< Nahum 1 >

1 Burden of Nineveh. The Scroll of the Vision of Nahum the Elkoshite.
De last van Nineve. Het boek des gezichts van Nahum, den Elkosiet.
2 A God zealous and avenging [is] YHWH, An avenger [is] YHWH, and possessing fury. An avenger [is] YHWH on His adversaries, And He is watching for His enemies.
Een ijverig God en een wreker is de HEERE, een wreker is de HEERE, en zeer grimmig; een wreker is de HEERE aan Zijn wederpartijders, en Hij behoudt den toorn Zijn vijanden.
3 YHWH [is] slow to anger, and great in power, And YHWH does not entirely acquit, In a windstorm and in a storm [is] His way, And a cloud [is] the dust of His feet.
De HEERE is lankmoedig, doch van grote kracht, en Hij houdt den schuldige geenszins onschuldig. Des HEEREN weg is in wervelwind, en in storm, en de wolken zijn het stof Zijner voeten.
4 He is pushing against a sea, and dries it up, Indeed, He has made all the floods dry, Bashan and Carmel [are] languishing, Indeed, the flower of Lebanon [is] languishing.
Hij scheldt de zee, en maakt ze droog, en Hij verdroogt alle rivieren; Basan en Karmel kwelen, ook kweelt de bloem van Libanon.
5 Mountains have shaken because of Him, And the hills have been melted; And the earth [is] lifted up at His presence, And the world and all dwelling in it.
De bergen beven voor Hem, en de heuvelen versmelten; en de aarde licht zich op voor Zijn aangezicht, en de wereld, en allen, die daarin wonen.
6 Who stands before His indignation?
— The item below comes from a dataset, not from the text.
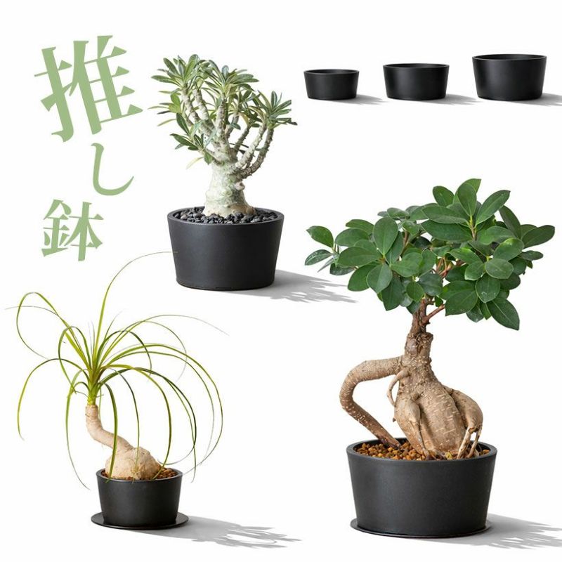 黒のベースポット(ひらべったい):植物の色、質感が1番映えるマットブラック浅鉢樹脂 楕円 丸 黒マット ブラック 手軽 安い お手頃 おしゃれ 室内 使いやすい 観葉植物 植え替え 鉢カバー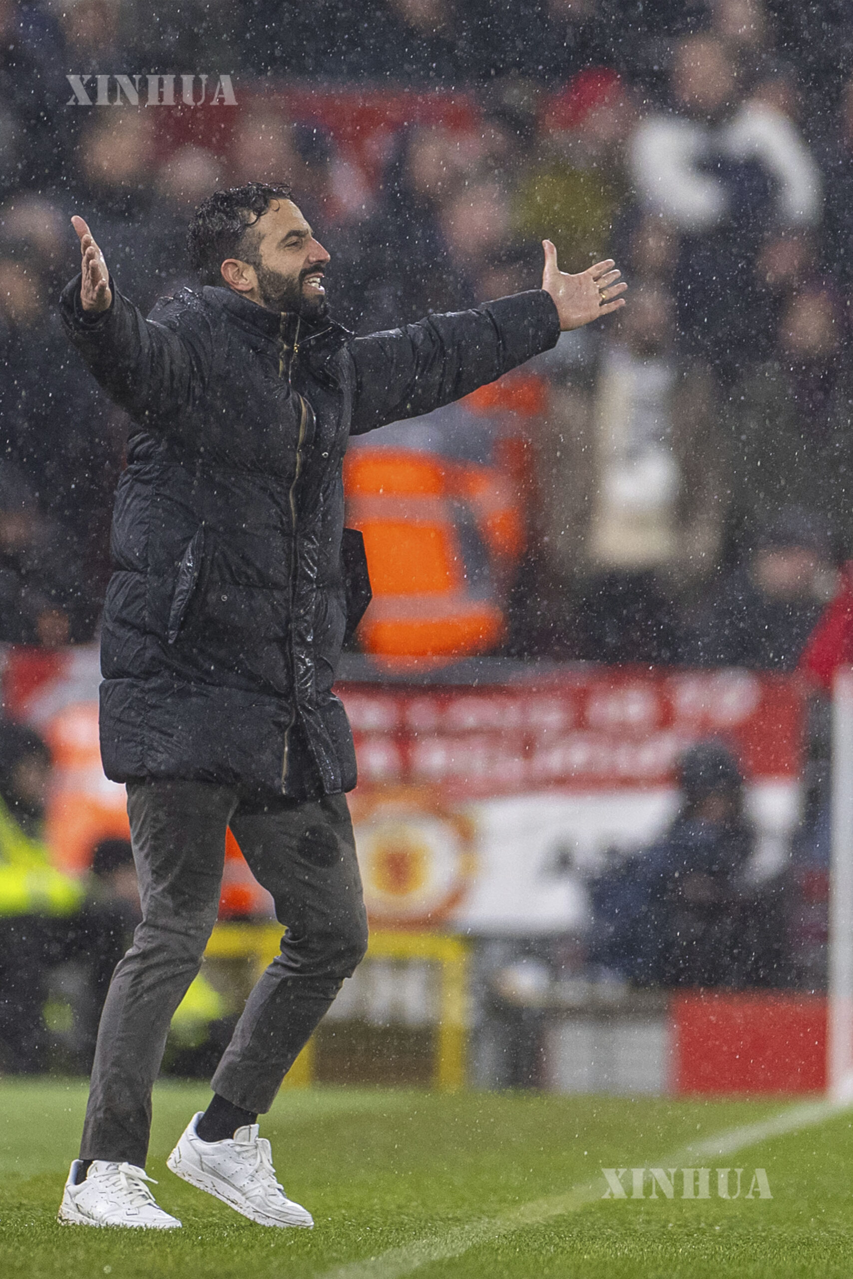 ဗြိတိန်နိုင်ငံ လီဗာပူးလ်မြို့တွင် ၂၀၂၅ ခုနှစ် ဇန်နဝါရီ ၅ ရက်က လီဗာပူးလ်အသင်းနှင့် မန်ချက်စတာယူနိုက်တက်အသင်းတို့ ယှဉ်ပြိုင်ကစားခဲ့သည့် အင်္ဂလိပ် ပရီးမီးယားလိဂ် ဘောလုံးပွဲစဉ်၌ မန်ချက်စတာယူနိုက်တက်နည်းပြ ရူဘင် အာမိုရင်မ်အား တွေ့ရစဉ် (ဆင်ဟွာ)

And who rises up in the heat of His anger? His fury has been poured out like fire, And the rocks have been broken by Him.
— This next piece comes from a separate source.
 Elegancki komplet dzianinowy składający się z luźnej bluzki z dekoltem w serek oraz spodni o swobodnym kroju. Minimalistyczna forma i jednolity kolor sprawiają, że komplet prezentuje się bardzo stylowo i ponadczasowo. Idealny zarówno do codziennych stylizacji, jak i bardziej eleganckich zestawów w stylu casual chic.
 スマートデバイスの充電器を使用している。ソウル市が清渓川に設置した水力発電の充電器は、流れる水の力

Wie zal voor Zijn gramschap staan, en wie zal voor de hittigheid Zijns toorns bestaan? Zijn grimmigheid is uitgestort als vuur, en de rotsstenen worden van Hem vermorzeld.
7 Good [is] YHWH for a strong place in a day of distress. And He knows those trusting in Him.
De HEERE is goed, Hij is ter sterkte in den dag der benauwdheid, en Hij kent hen, die op Hem betrouwen.
8 And with a flood passing over, An end He makes of its place, And darkness pursues His enemies.
En met een doorgaanden vloed zal Hij haar plaats te niet maken; en duisternis zal Zijn vijanden vervolgen.
9 What do we devise against YHWH? He is making an end, distress does not arise twice.
Wat denkt gijlieden tegen den HEERE? Hij zal zelf een voleinding maken; de benauwdheid zal niet tweemaal op rijzen.
10 For while princes [are] perplexed, And with their drink are drunken, They have been consumed as stubble fully dried.
Dewijl zij in elkander gevlochten zijn als doornen, en dronken zijn, gelijk zij plegen dronken te zijn, zo worden zij volkomen verteerd, als een dorre stoppel.
11 From you has come forth a deviser of evil Against YHWH—a worthless counselor.
Van u is een uitgegaan, die kwaad denkt tegen den HEERE, een Belialsraadsman.
12 Thus said YHWH: “Though complete, and thus many, Yet thus they have been cut off, And he has passed away. Though I afflicted you, I afflict you no longer.
Alzo zegt de HEERE: Zijn zij voorspoedig, en alzo velen, alzo zullen zij ook geschoren worden, en hij zal doorgaan; Ik heb u wel gedrukt, maar Ik zal u niet meer drukken.
13 And now I break his rod from off you, And your bands I draw away.”
Maar nu zal Ik zijn juk van u breken, en zal uw banden verscheuren.
14 And YHWH has commanded concerning you, “No more of your name spreads abroad, I cut off carved and molten image from the house of your gods, I appoint your grave, for you have been vile.”
Doch tegen u heeft de HEERE bevolen, dat er van uw naam niemand meer gezaaid zal worden; uit het huis uws gods zal Ik uitroeien de gesneden en gegoten beelden; Ik zal u daar een graf maken, als gij zult veracht zijn geworden.
15 Behold, on the mountains the feet of one proclaiming tidings, sounding peace! Celebrate, O Judah, your festivals, complete your vows, For the worthless no longer pass over into you, He has been completely cut off!
Ziet op de bergen de voeten desgenen, die het goede boodschapt, die vrede doet horen; vier uw vierdagen, o Juda! betaal uw geloften; want de Belials- man zal voortaan niet meer door u doorgaan, hij is gans uitgeroeid.